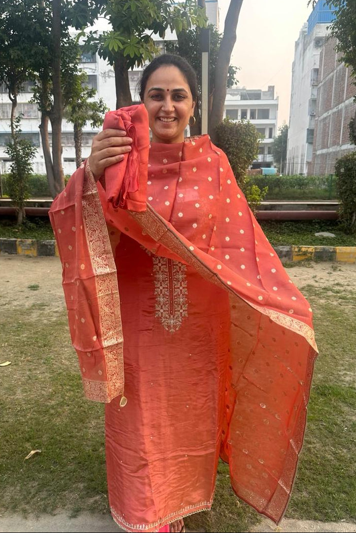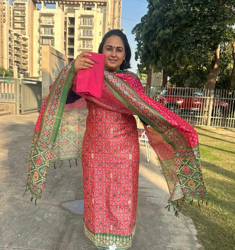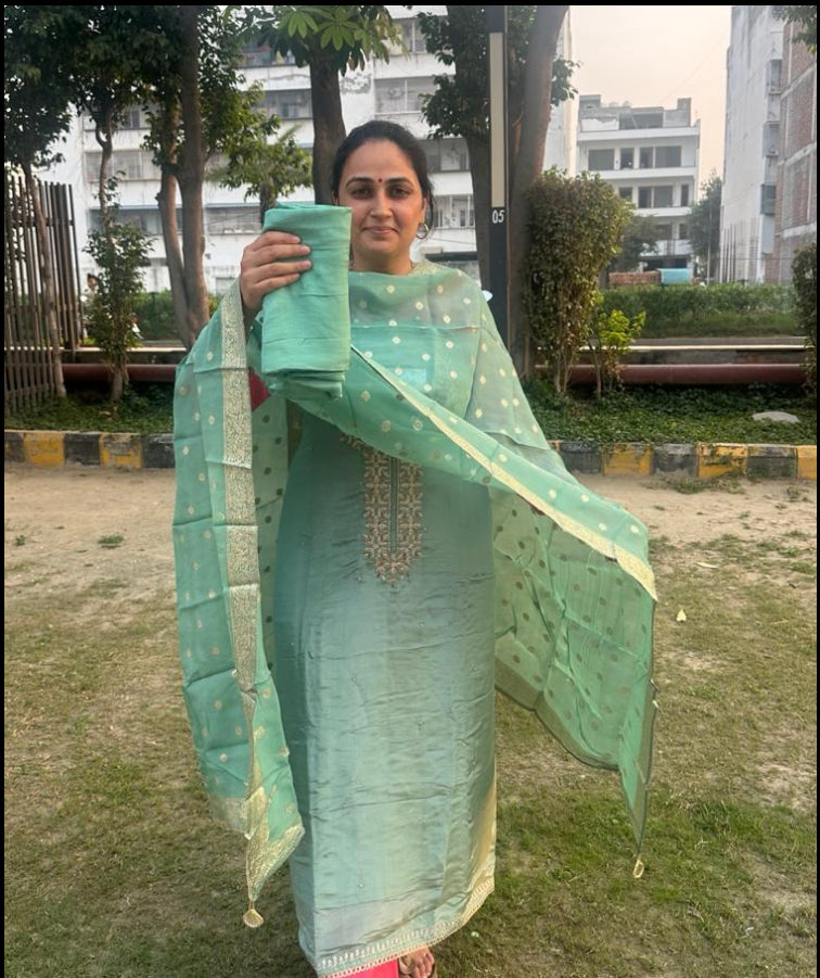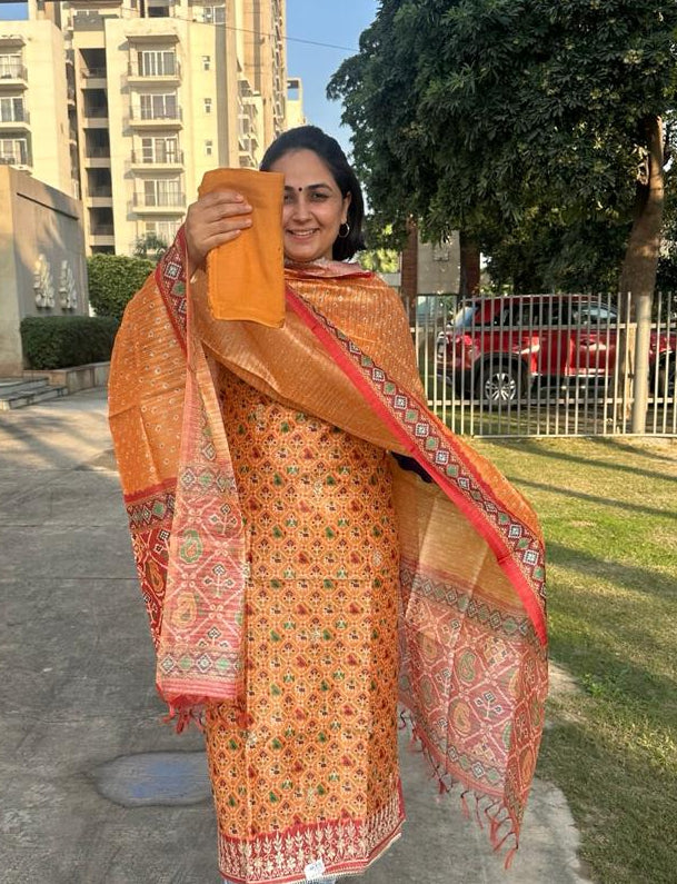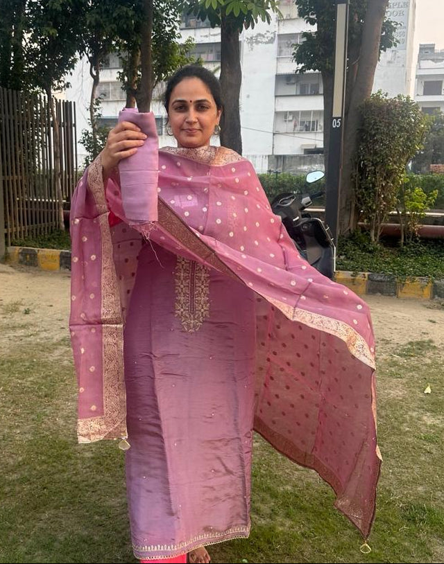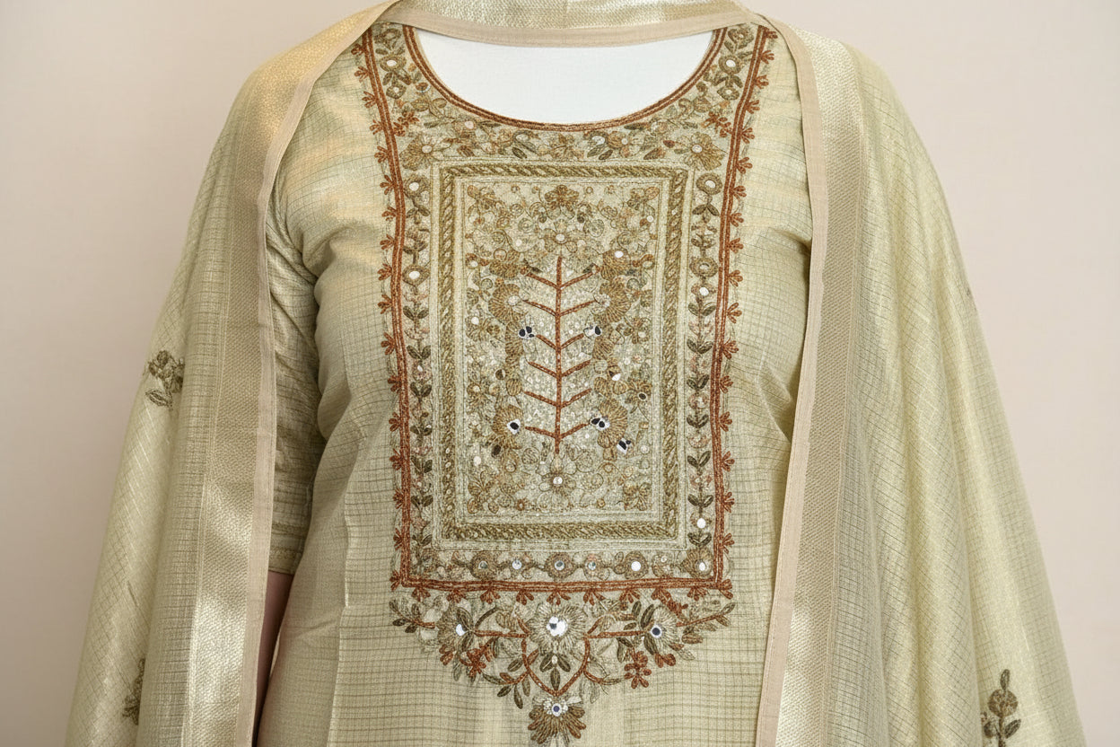 Chanderi Silk Suit Set with Gold Zari & Desinger Dupatta
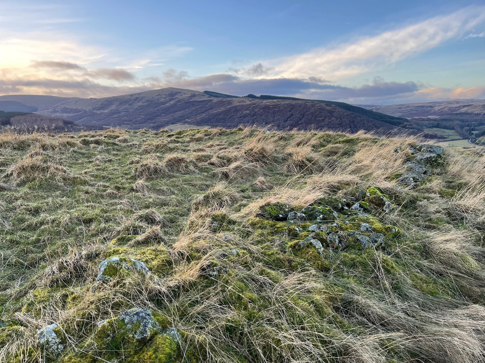 Curiously this site has had little said about it in archaeo-tomes and to my knowledge, no excavations have happened here.  Incredibly, the place wasn’t even recognised as a prehistoric site in official records until the Royal Commission (1963) told of it being “discovered during the survey of marginal lands (1956-58)”!  Its very name derives from the word dun, or fort (Watson 1995) and as the place-name writer found out, it was first mentioned in 1542, as Donehill, and many times thereafter in various documents.
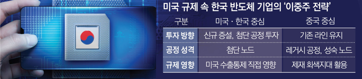 미국의 수출통제는 인공지능(AI)과 첨단 공정, 최신 장비에 집중돼 있다. 반면 레거시(구형) 공정과 성숙 노드, 기존 설비의 유지·보수 영역은 상대적으로 제재 강도가 낮다. 이 때문에 업계에서는 신규 투자와 첨단 공정은 미국과 한국으로 옮기고, 레거시 공정은 중국에 남기는 이원화 전략이 뚜렷해지고 있다는 평가가 나온다.
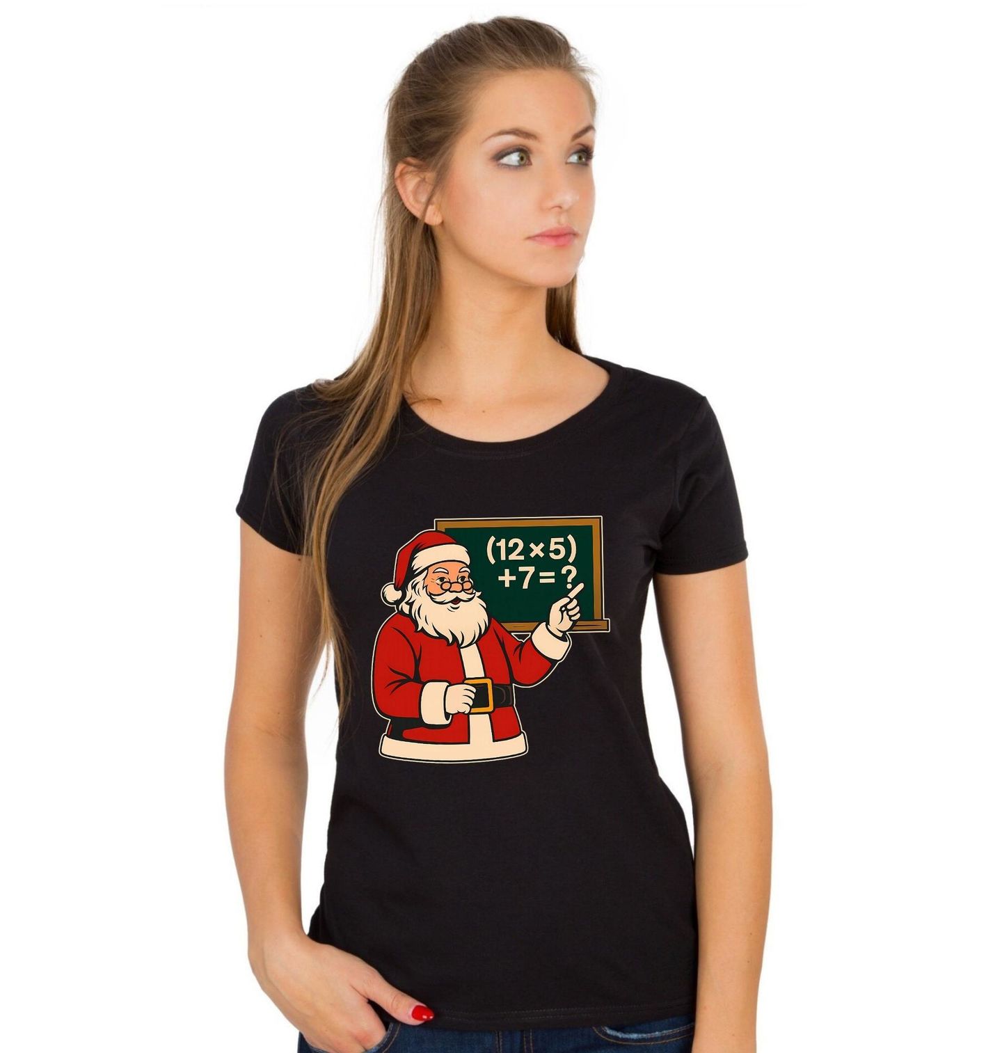 Dámské tričko Santa Učitel Matematiky. Stylový santa v roli přísného učitele matematiky je přesně to pravé! Na tabuli řeší příklad (12 × 5) + 7 = ? – a možná právě počítá, kolik dárků letos rozdá. Ideální design pro všechny učitele, studenty i fanoušky čísel, kteří milují Vánoce a mají smysl pro humor.
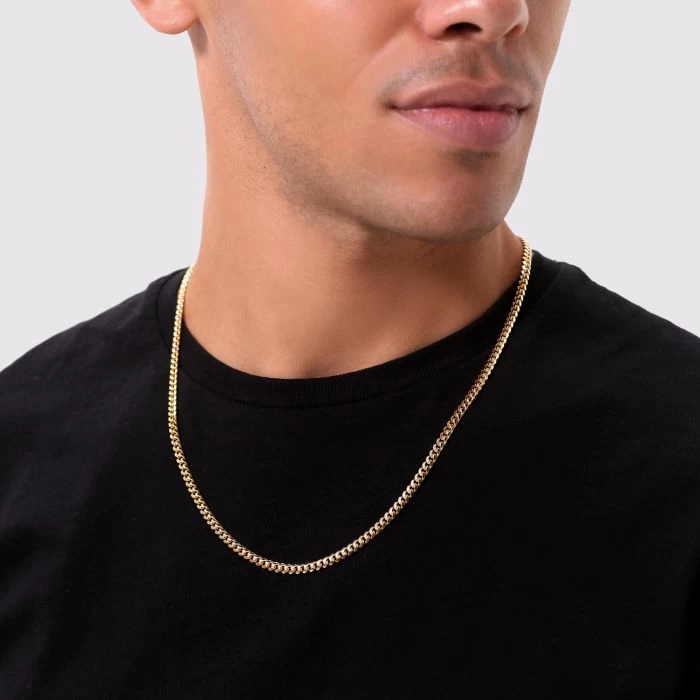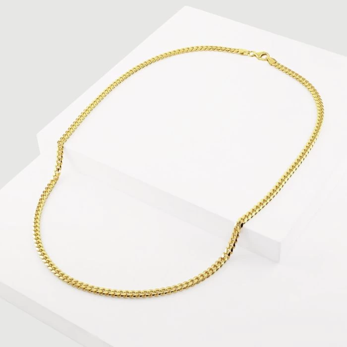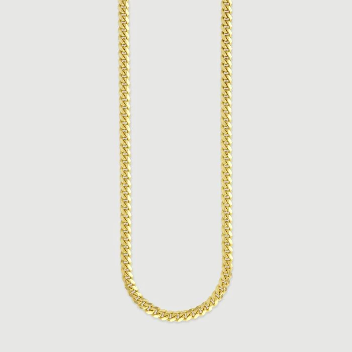 This super sleek and luxurious 4.2mm solid Sterling Silver Cuban chain features diamond cut links where each link has been intricately faceted at their curves to accentuate the iconic contours. Enhanced with a premium layer of real 9ct yellow gold for added luxury our premium gold plated on Sterling Silver chains have a much thicker layer than can be found in the jewellery market and therefore best value in addition to being a fantastic alternative to more expensive solid 9ct gold chains. Nicely weighted our premium Cuban Chains are extremely durable to wear every day.
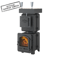 Печь состоит из двух модулей: топочной камеры и закрытой каменки из чугуна. Наиболее термонагруженные участки печи сделаны из жаропрочного чугуна толщиной 20 миллиметров.
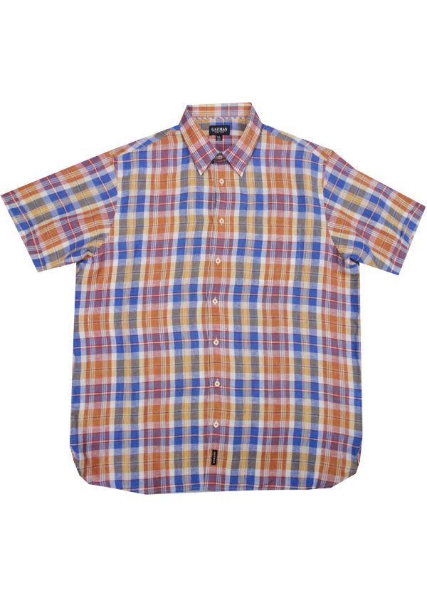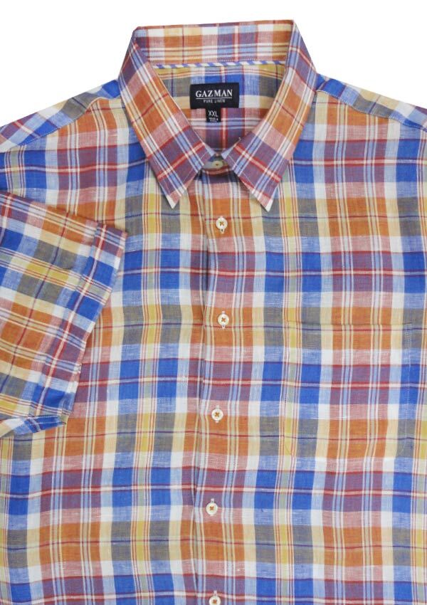 Gaz Man Check Linen short sleeve shirt. With single chest pocket. Button collar. Made of 100% Linen.
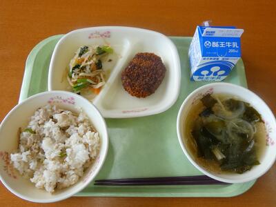 令和7年度最後となる給食の時間を迎えました。本日の献立は、鶏ごぼうごはん、わかめと玉ねぎのみそ汁、キャベツメンチカツ、野菜のおひたし、牛乳です。
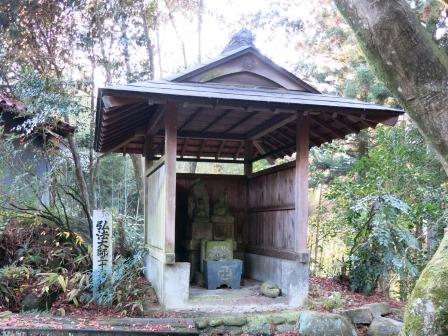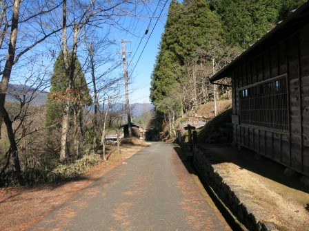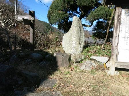 坂を上り切ると、与坂の立場跡である。 ここには「越前屋」という茶屋があり、米の粉の餅に黒砂糖を煮詰めて塗った三文餅を売っていた。 ![]() またこのあたりには白木を取り締まる与坂ご番所が置かれていたが、その後天明2年(1782)に先ほど通ってきた中津川上金へ移された。 向かい側には 弘法大師を祀った地蔵堂が建っている。 この先は、落合川の流れている谷あいに向かって山を下っていく。 |
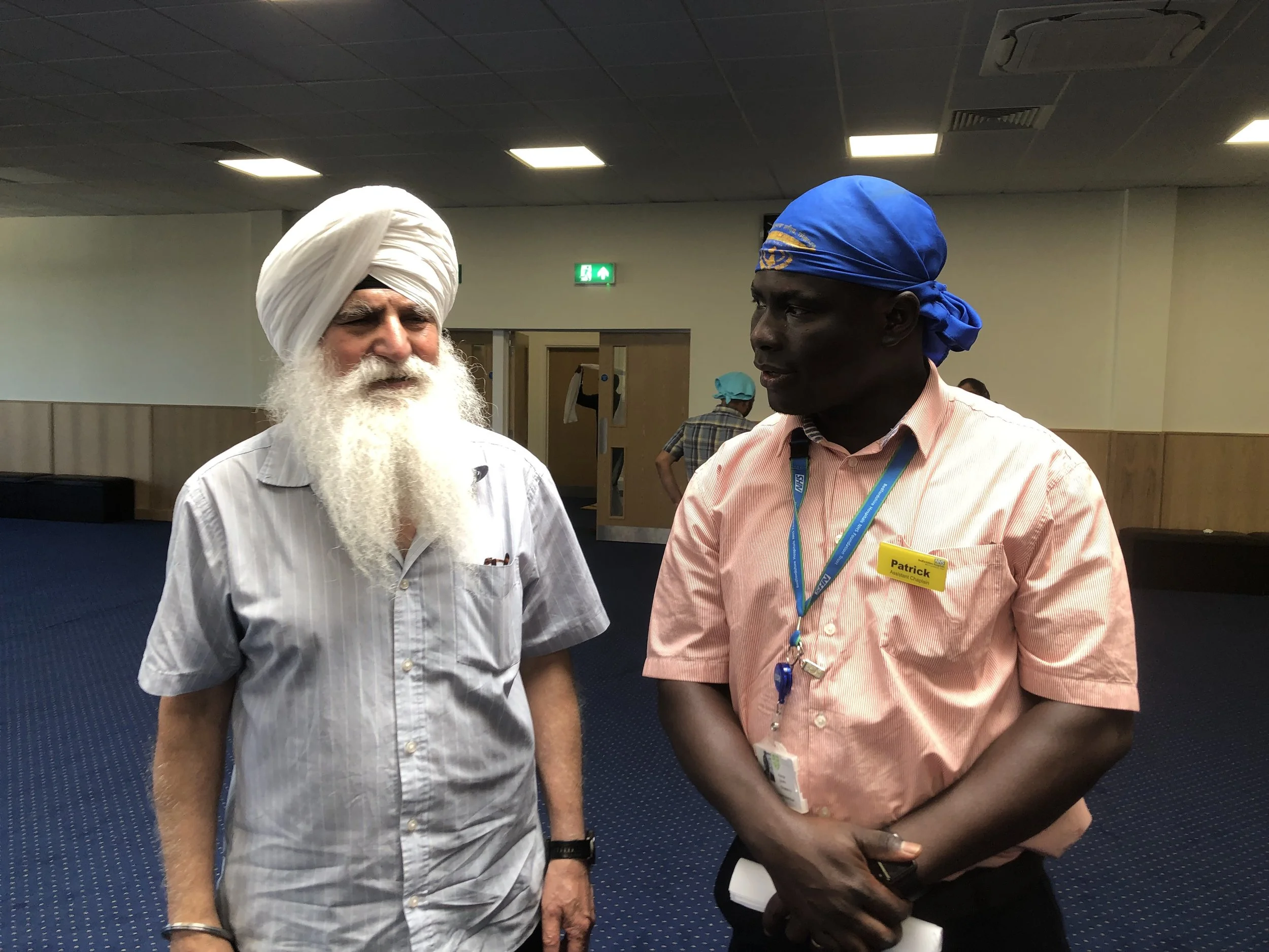 One of Bedfordshire Hospitals Chaplain Patrick in conversation with a Sikh friend Mr Avtar Singh at Guru Nanak Gurudwara (Sikh Temple)
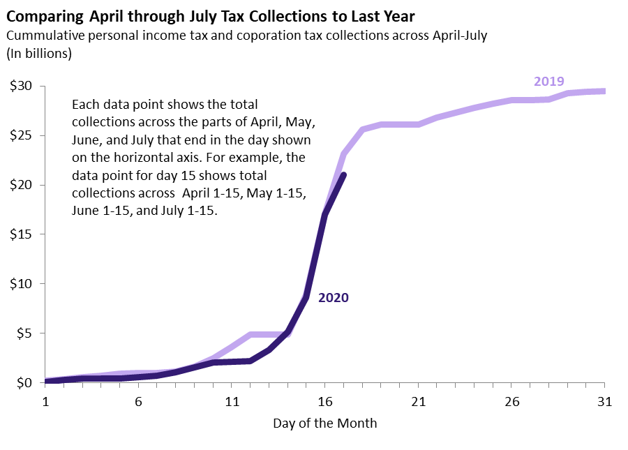 In the second graph, we compare the daily collections pattern in 2020 to 2019. Specifically, for each day of the month, the graph shows the total collections across the parts of April, May, June, and July that end in that day. For example, for day 15, the graph shows total collections across April 1-15, May 1-15, June 1-15, and July 1-15. As the graph shows, collections thus far in 2020 generally have tracked closely with 2019. As of the 17th, however, 2020 collections are about 9 percent ($2 billion) behind the 2019 pace.
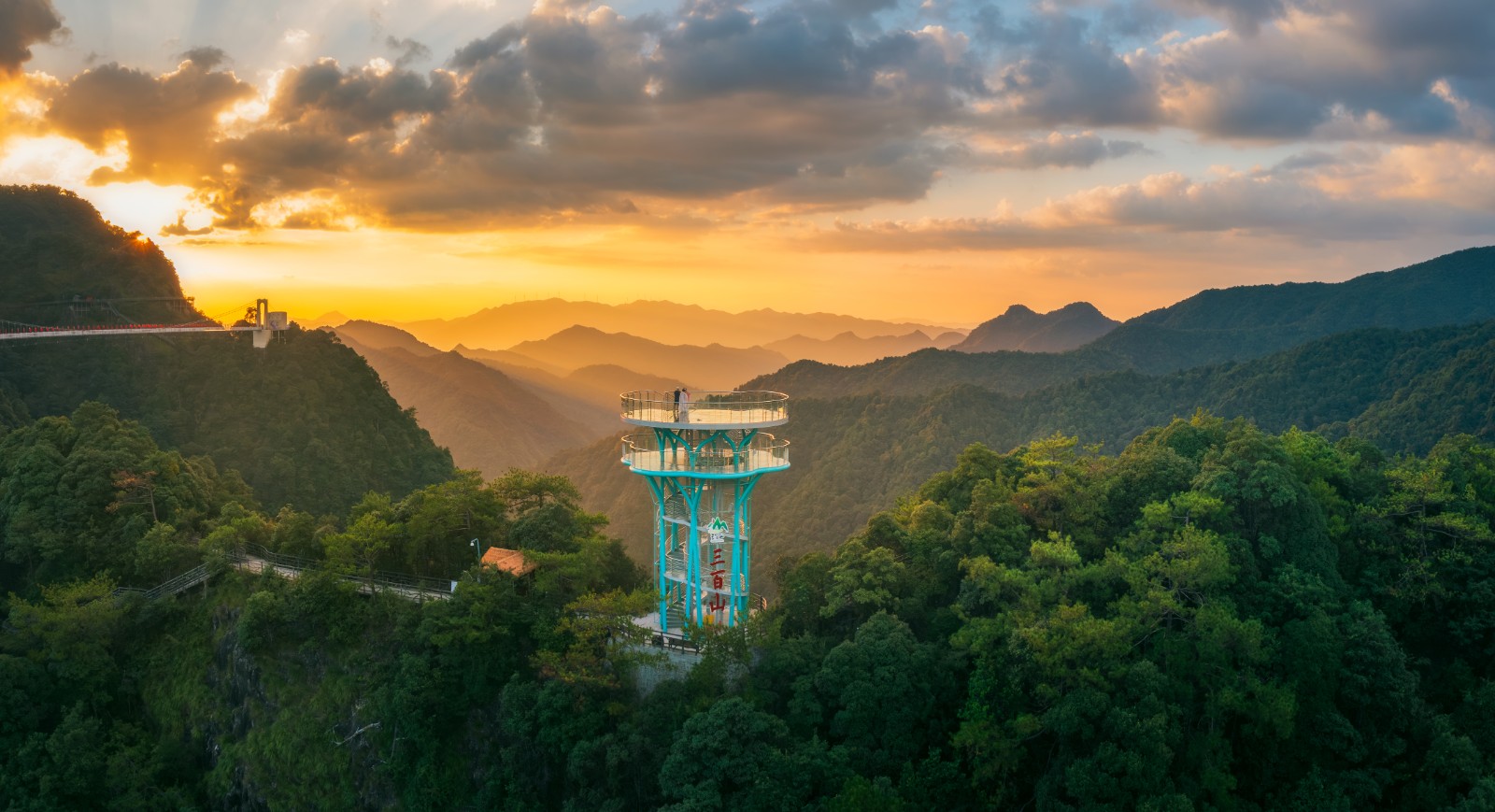 天空之镜观景平台位于三百山景区剑尖峰山顶,海拔高度1064米,观景平台采用钢结构塔式结构,塔高14米,外形犹如香港特别行政区的区花紫荆花。塔楼共有2个观景平台,11米标高的是钢结构平台,面积约96㎡;14米标高的是钢化玻璃平台,面积约113㎡,玻璃平台上刻有一朵绽放的紫荆花,寓意香港同胞与安远人民的深厚情谊。登上天空之镜,远眺三百群峰、原始林海,广阔天地间的美景令人心旷神怡。

**EXERCISE GOAL:** Exactly the lines from the line with "In the second" through the end of the data are to be reproduced, and no picture is to be included.

**WRITTEN RESPONSE:**
 In the second graph, we compare the daily collections pattern in 2020 to 2019. Specifically, for each day of the month, the graph shows the total collections across the parts of April, May, June, and July that end in that day. For example, for day 15, the graph shows total collections across April 1-15, May 1-15, June 1-15, and July 1-15. As the graph shows, collections thus far in 2020 generally have tracked closely with 2019. As of the 17th, however, 2020 collections are about 9 percent ($2 billion) behind the 2019 pace.
 天空之镜观景平台位于三百山景区剑尖峰山顶,海拔高度1064米,观景平台采用钢结构塔式结构,塔高14米,外形犹如香港特别行政区的区花紫荆花。塔楼共有2个观景平台,11米标高的是钢结构平台,面积约96㎡;14米标高的是钢化玻璃平台,面积约113㎡,玻璃平台上刻有一朵绽放的紫荆花,寓意香港同胞与安远人民的深厚情谊。登上天空之镜,远眺三百群峰、原始林海,广阔天地间的美景令人心旷神怡。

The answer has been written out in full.